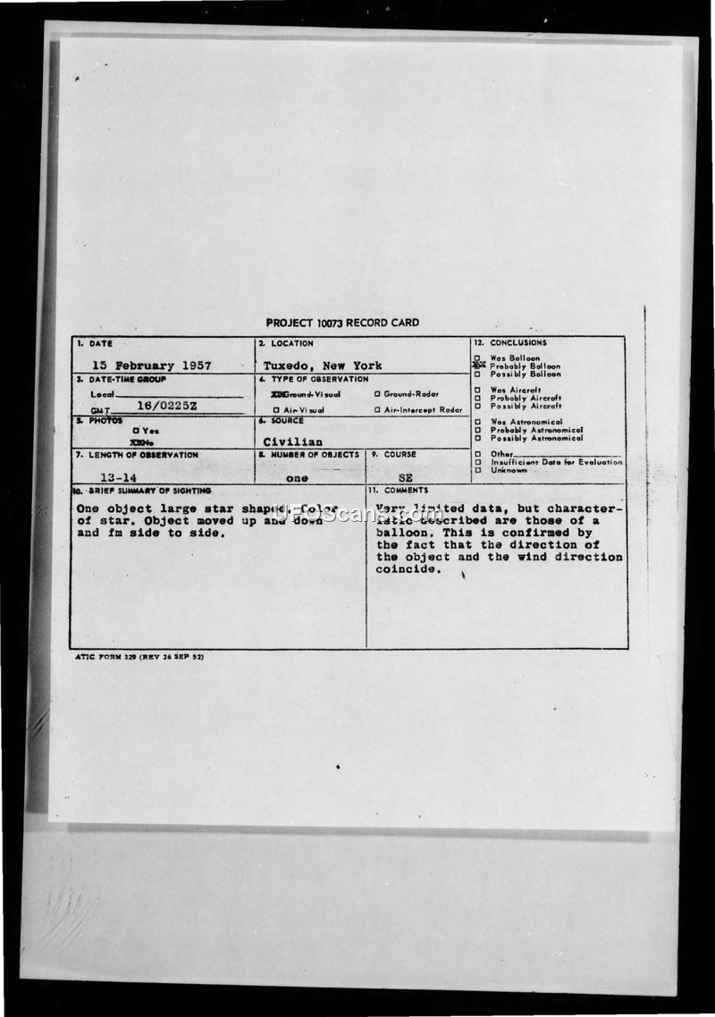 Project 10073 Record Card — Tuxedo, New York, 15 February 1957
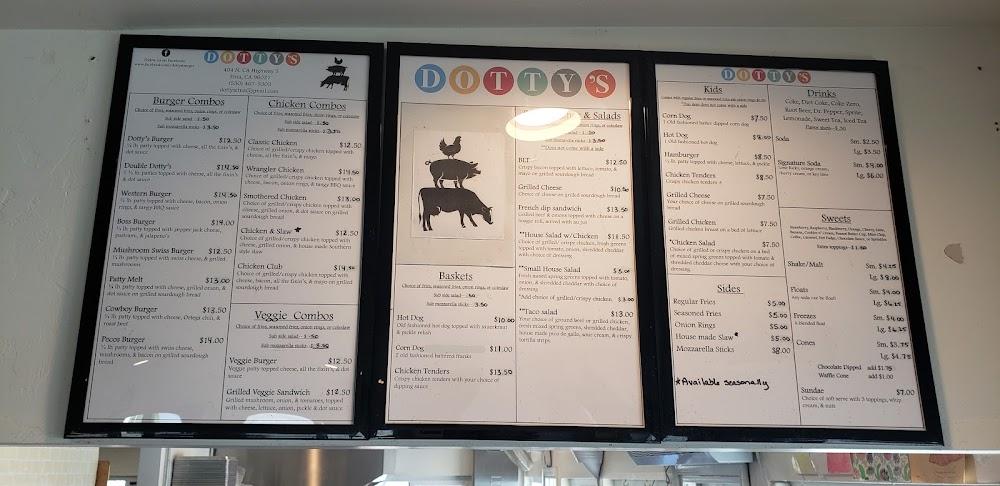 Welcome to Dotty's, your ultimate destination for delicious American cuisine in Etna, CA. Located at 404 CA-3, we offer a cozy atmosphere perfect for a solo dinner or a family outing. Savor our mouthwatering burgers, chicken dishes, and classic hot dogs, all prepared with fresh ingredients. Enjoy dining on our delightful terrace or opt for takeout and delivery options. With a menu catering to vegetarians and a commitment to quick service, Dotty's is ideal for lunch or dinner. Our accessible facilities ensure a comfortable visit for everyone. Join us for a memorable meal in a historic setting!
──────────
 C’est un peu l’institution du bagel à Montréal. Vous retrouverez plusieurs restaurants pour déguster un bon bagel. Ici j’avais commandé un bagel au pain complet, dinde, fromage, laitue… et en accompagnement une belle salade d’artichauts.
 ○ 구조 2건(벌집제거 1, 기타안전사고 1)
──────────
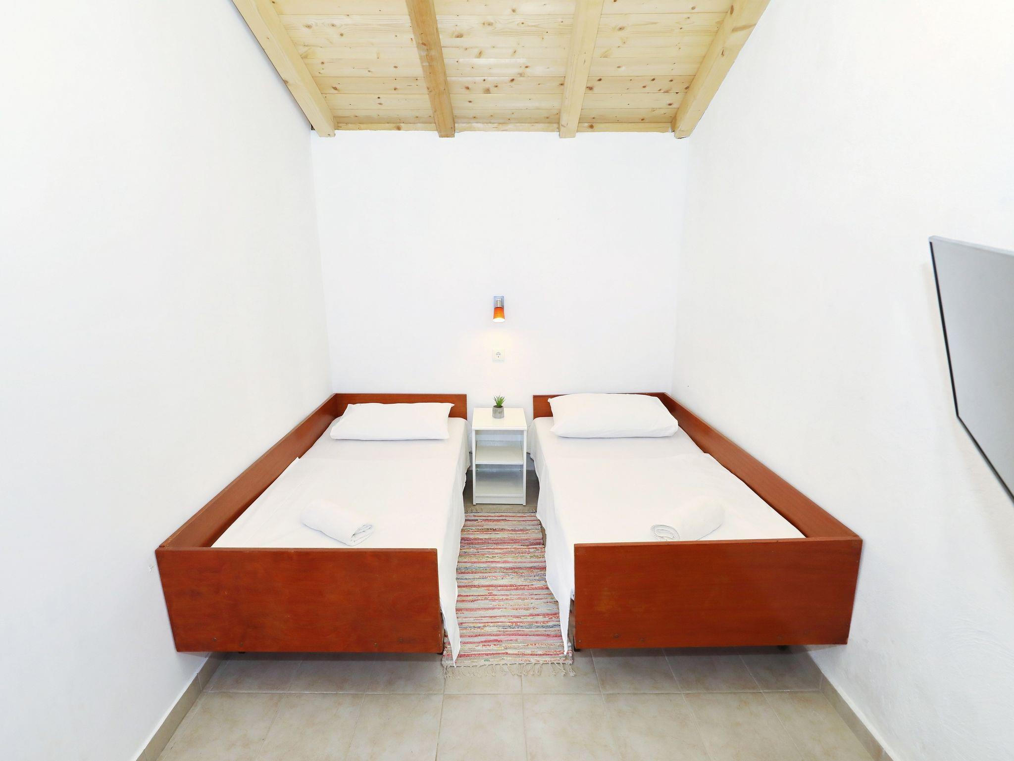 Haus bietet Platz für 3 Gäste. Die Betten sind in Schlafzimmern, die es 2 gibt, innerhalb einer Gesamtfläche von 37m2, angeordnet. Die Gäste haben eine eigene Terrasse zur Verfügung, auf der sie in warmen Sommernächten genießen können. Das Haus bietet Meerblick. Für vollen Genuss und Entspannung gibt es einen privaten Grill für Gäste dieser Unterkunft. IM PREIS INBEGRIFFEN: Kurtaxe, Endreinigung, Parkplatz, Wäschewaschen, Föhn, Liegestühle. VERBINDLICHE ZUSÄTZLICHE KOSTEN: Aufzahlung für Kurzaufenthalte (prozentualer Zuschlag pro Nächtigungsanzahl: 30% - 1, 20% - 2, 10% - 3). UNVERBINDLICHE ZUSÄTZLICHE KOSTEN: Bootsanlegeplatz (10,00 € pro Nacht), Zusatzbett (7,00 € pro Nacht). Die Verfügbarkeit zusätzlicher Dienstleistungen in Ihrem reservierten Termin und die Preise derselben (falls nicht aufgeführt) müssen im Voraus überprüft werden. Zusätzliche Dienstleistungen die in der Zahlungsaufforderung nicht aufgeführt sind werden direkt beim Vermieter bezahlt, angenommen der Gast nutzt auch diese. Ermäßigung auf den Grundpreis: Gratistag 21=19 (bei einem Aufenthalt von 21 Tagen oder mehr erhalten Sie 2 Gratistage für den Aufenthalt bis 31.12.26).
──────────
▶ Brief: In the data above, retype exactly and only the lines between the one holding "C’est un peu" and the one holding "1, 기타안전사고 1)", inclusive.

▶ Exercise result:
 C’est un peu l’institution du bagel à Montréal. Vous retrouverez plusieurs restaurants pour déguster un bon bagel. Ici j’avais commandé un bagel au pain complet, dinde, fromage, laitue… et en accompagnement une belle salade d’artichauts.
 ○ 구조 2건(벌집제거 1, 기타안전사고 1)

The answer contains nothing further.